COLLECTED MATERIAL section start
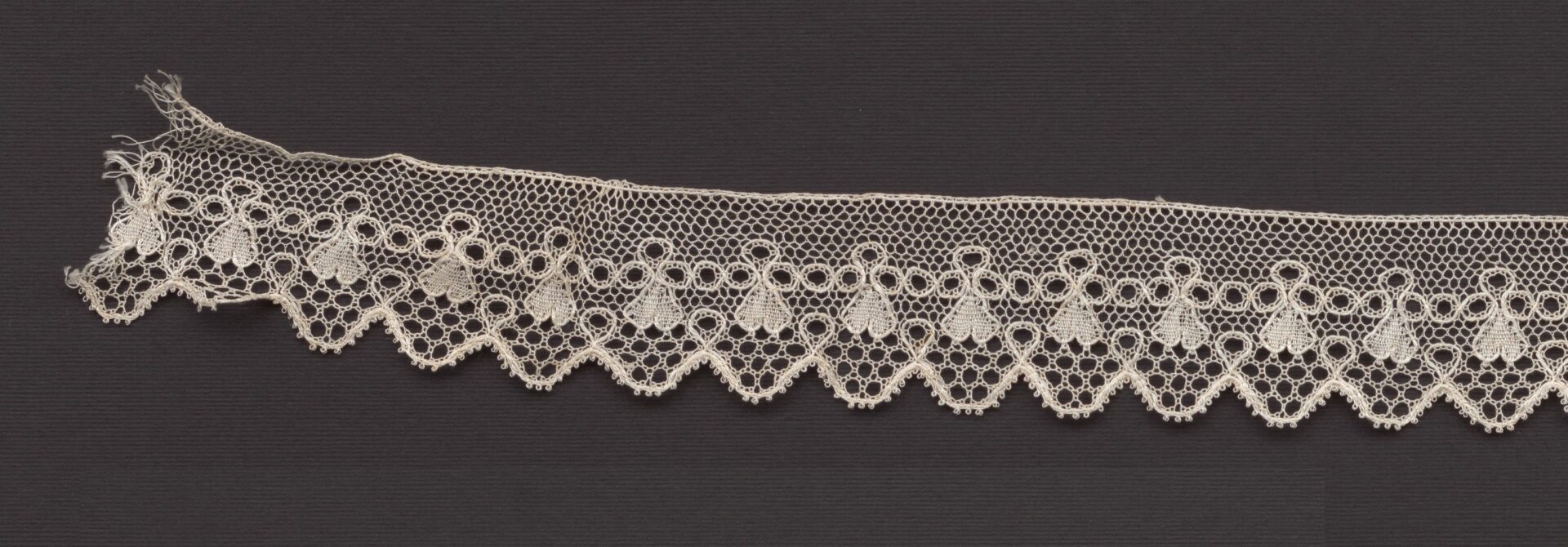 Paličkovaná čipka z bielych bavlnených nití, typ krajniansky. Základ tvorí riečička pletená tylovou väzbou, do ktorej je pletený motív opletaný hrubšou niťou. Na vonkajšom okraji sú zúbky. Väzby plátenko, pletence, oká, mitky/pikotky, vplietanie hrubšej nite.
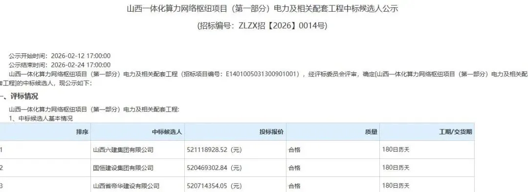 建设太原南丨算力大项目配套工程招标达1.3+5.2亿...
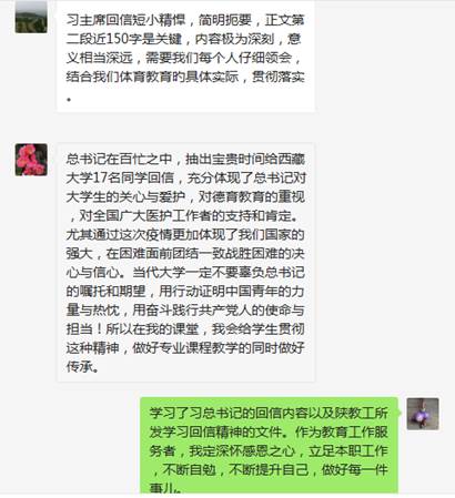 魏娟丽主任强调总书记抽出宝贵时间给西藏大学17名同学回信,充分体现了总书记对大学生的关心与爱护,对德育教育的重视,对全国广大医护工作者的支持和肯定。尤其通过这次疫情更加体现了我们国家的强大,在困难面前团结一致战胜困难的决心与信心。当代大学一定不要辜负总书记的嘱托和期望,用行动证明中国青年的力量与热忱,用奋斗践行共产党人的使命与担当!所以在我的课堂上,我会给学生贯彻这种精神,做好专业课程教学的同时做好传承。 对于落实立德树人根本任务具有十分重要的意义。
COLLECTED MATERIAL section end
Output exactly the lines from the one that has "建设太原南丨算力大项目配套工程招标达1.3+5.2亿..." through the end of the data. Do not include pictures.

> WRITTEN RESPONSE
 建设太原南丨算力大项目配套工程招标达1.3+5.2亿...
 魏娟丽主任强调总书记抽出宝贵时间给西藏大学17名同学回信,充分体现了总书记对大学生的关心与爱护,对德育教育的重视,对全国广大医护工作者的支持和肯定。尤其通过这次疫情更加体现了我们国家的强大,在困难面前团结一致战胜困难的决心与信心。当代大学一定不要辜负总书记的嘱托和期望,用行动证明中国青年的力量与热忱,用奋斗践行共产党人的使命与担当!所以在我的课堂上,我会给学生贯彻这种精神,做好专业课程教学的同时做好传承。 对于落实立德树人根本任务具有十分重要的意义。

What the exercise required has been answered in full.